Kamil Brzozowski: Praca przyniosła efekty

Upadek i defekt przytrafił się Kamilowi Brzozowskiemu w rewanżowym meczu finału PLŻ 2. Po zawodach żużlowiec MDM Komputery Dreier ŻKS Ostrovia miał jednak powody do zadowolenia.

Biało-czerwoni z nawiązką odrobili 18-punktową stratę z Krakowa i awansowali na zaplecze Enea Ekstraligi. - Celem na ten sezon był awans i cieszę się, że go wykonaliśmy - mówił tuż po zawodach 27-latek.
[ad=rectangle]
Wychowanek gorzowskiej Stali sporego pecha miał w swoim drugim biegu. Najpierw kiedy znajdował się na prowadzeniu zaatakował go Karol Baran powodując upadek. W powtórce wyścigu nr 7 tuż po starcie "Brzózce" przytrafił się defekt motocykla. - Po upadku ten motocykl trochę ucierpiał. Szybko przygotowując się do powtórki biegu nie zauważyliśmy, że trochę się skrzywił. Na dodatek odciął się kabel od masy przy zbiorniku - wyjaśnił Kamil Brzozowski.
 
Lekko ucierpiała w wyniku upadku też dłoń zawodnika. - W trakcie jazdy strasznie dokuczał mi ból kciuka prawej dłoni. Byłem zmuszony trzymać motocykl czterema palcami. Widząc, że mamy już odrobione straty z nawiązką z Krakowa odpuściłem swój ostatni start - dodaje żużlowiec Ostrovii.

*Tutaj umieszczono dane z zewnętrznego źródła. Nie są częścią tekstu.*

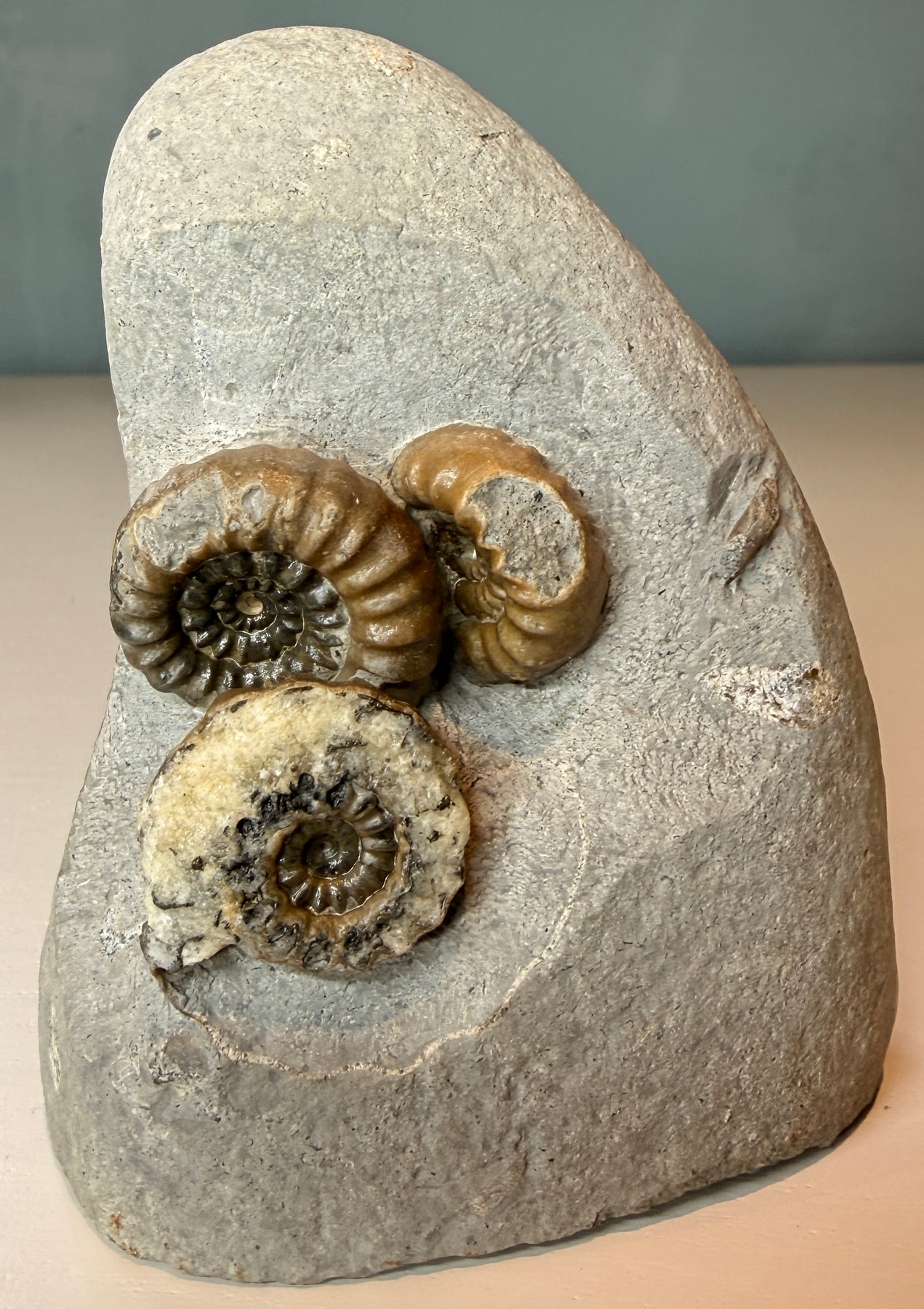 Free standing & on a cut base. This is a less common ammonite! Three in a cluster. From Belenmite stone Weight 620g. Postage included for mainland UK customers.
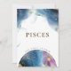 Profitez d'un thème de constellation céleste avec nos panneaux de constellation. Carte de nom de la constellation avec des colorants d'aquarelle exquis et carte du globe céleste avec constellations sur le devant. Le dos avec une belle aquarelle galaxie design avec la constellation Pisces au centre. Design avec des teintes bleu, bleu marine, turquoise, violet, magenta, fuchsia et doré. Une partie d'une collection avec de nombreuses cartes de nom de table disponibles, ainsi que des cartes de sièges, des panneaux de plan de sièges, des menus, et plus encore. Si vous avez besoin d'un autre nom de constellation qui n'est pas disponible sur notre collection, n'hésitez pas à modifier le nom en utilisant la zone de texte du tableau fournie, afin que vous puissiez compléter votre collection.
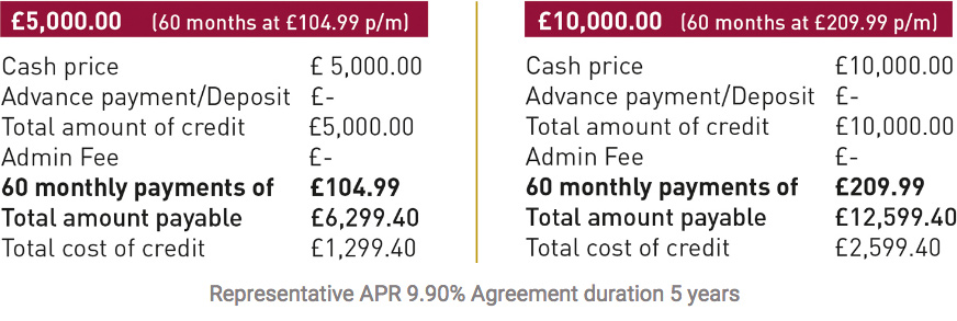 Finance is available to UK residents 18 to 65 year old in full time employment only.

Atutem gospodarzy w czwartkowym spotkaniu był tor. Ważnym elementem było oczywiście dobre przygotowanie do zawodów. - Przez ostatnie dni ciężko pracowałem na ostrowskim torze, aby jak najlepiej się przygotować do tych zawodów. Należą się też podziękowania dla braci Jana i Andrzeja Garcarków, mojego sponsora firmy Danken, Grzegorza Walaska i jego mechanika. Nie ukrywam, że Grzesiu użyczył mi swój silnik. Pomoc sprzętową na ten mecz miałem też od pana Jacka Filipa. Wszystko dobrze zagrało i mogę się teraz cieszyć z naszego awansu. Jestem wdzięczny tym osobom za okazaną pomoc - mówi Brzozowski.

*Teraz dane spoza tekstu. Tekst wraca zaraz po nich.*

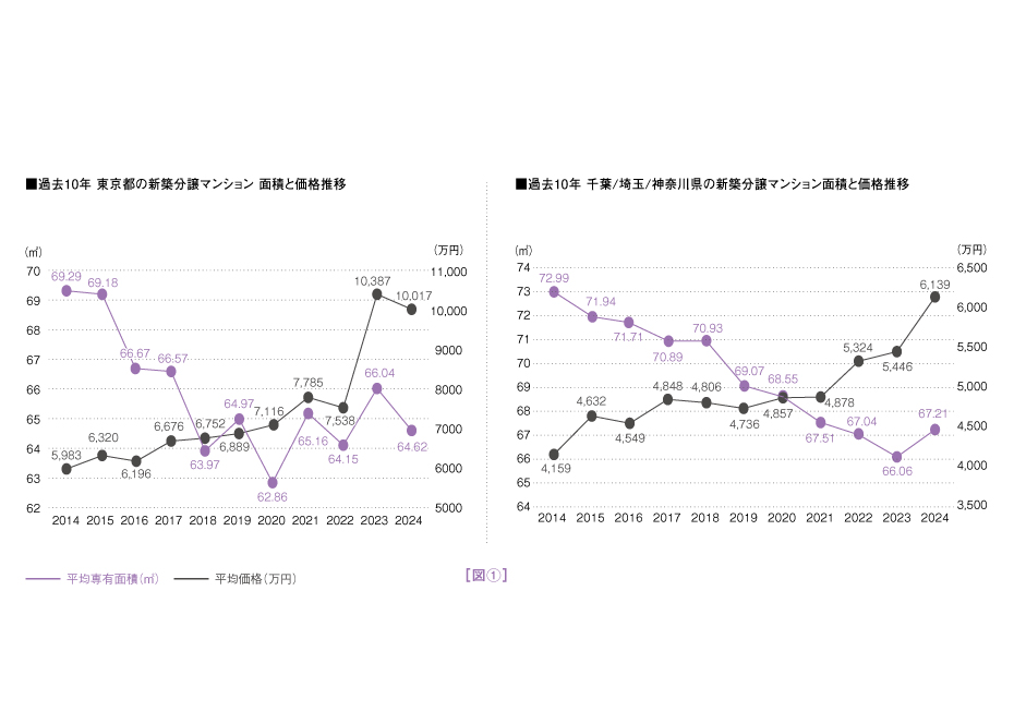 昨今の首都圏の新築分譲マンションは価格の高騰や1部屋数億円のタワマンなど、お金の話題に注目が集まりがちだが、その他にも市場に変化が起きている。東京都内で2024年に発売された新築分譲マンションの平均専有面積は64.62㎡であったが10年前にあたる2014年の平均値と比較すると約5㎡、割合にして7%程度減少している。同様に、千葉/埼玉/神奈川県で2024年に発売された新築分譲マンションの平均専有面積は67.21㎡であったが10年前にあたる2014年の平均値と比較すると約6㎡、割合にして8%程度減少している。1都3県において「70㎡台」が一つの目安だった時代から比べると、コンパクト化-狭小化が顕著である。[図①]

Sezon 2014 dla niego nie rozpoczął się najlepiej. Największym problem było dopasowanie sprzętu pod ostrowski tor. Na to poświęcił sporo czasu na treningach wraz ze swoim teamem. - Sezon był bardzo ciężki dla mnie. Dużo wraz ze swoim teamem poświęciłem czasu na pracę nad dopasowaniem sprzętu. Dopiero pod koniec rozgrywek coś tam się udało poprawić. Szkoda tylko drugiego meczu w Krakowie, gdzie dopadły mnie problemy sprzętowe. Wówczas nie musielibyśmy odrabiać tak dużej straty punktowej w finale - informuje jeździec Ostrovii.

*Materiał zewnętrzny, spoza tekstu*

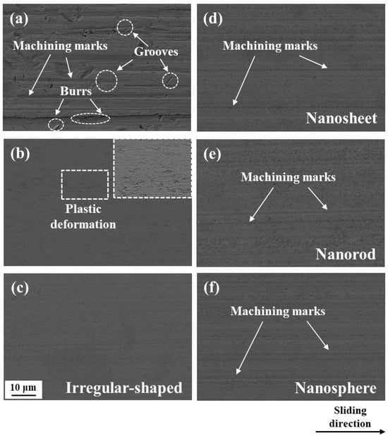 Figure 7 presents SEM micrographs of the block surfaces before and after the wear tests using the different lubricants. Figure 7a depicts the block surface before the wear test and the original cutting texture can be seen on the surface. In addition, some tiny grooves and burrs can be found on the original surface. Figure 7b shows the wear result using base oil: it can be seen that relatively severe wear occurred, leading to the almost complete disappearance of the original cutting marks. Plastic deformation along the sliding direction and the existence of some grooves can be seen on the worn surface. When the irregular-shaped nanoparticles were used as lubricating additives, slight original cutting marks were observed compared to under base oil conditions (Figure 7c), which means a milder wear occurred. However, under the nanosheet, nanorod, and nanosphere additive lubrication (Figure 7d–f), it can be seen that the original machining marks were largely retained on the block wear surface. This indicates the effective anti-friction and anti-wear properties offered by these different additive-based lubricants. Al2O3 nanoparticles move into worn areas and are physically adsorbed on the contact surface under the exerted compressive stress and the flow of lubricating oil. At this time, the addition of nanoparticles reduces direct contact between the friction pairs, and the presence of spheres and rods transforms the pure sliding friction into mixed sliding–rolling friction [23]. The Al2O3 nanosheets can be adsorbed onto the friction surfaces, resulting in easy sliding.
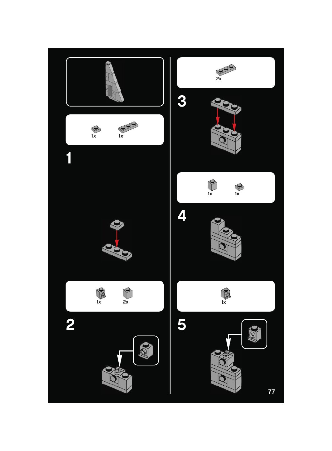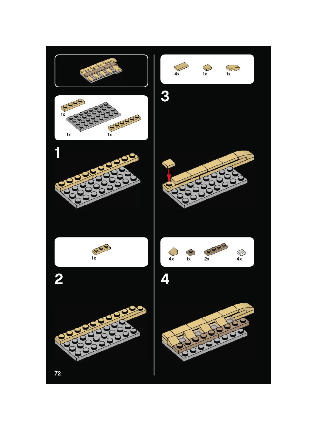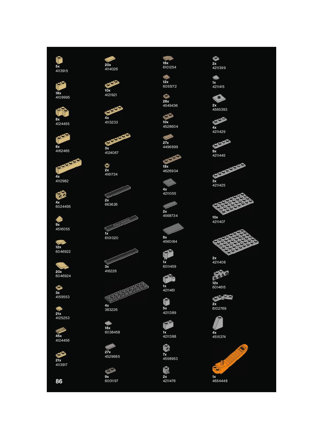 The assembly guide is prepared in a very understandable way for children and adult LEGO enthusiasts. A total of 88 picture galleries are shown, explaining the step-by-step construction stages for 1 different structures.

Brzozowski jest natomiast zadowolony z faktu współpracy z ostrowskim klubem. Decyzji o reprezentowaniu jego barw na torach najniższego szczebla rozgrywek nie żałuje. - Ja jestem zadowolony z tej współpracy. Nie wiem jak widzą to działacze Ostrovii. Na razie trudno powiedzieć, czy jest szansa na jej przedłużenie. Na takie rozmowy przyjdzie czas. Teraz nacieszmy się awansem - zakończył "Brzózka".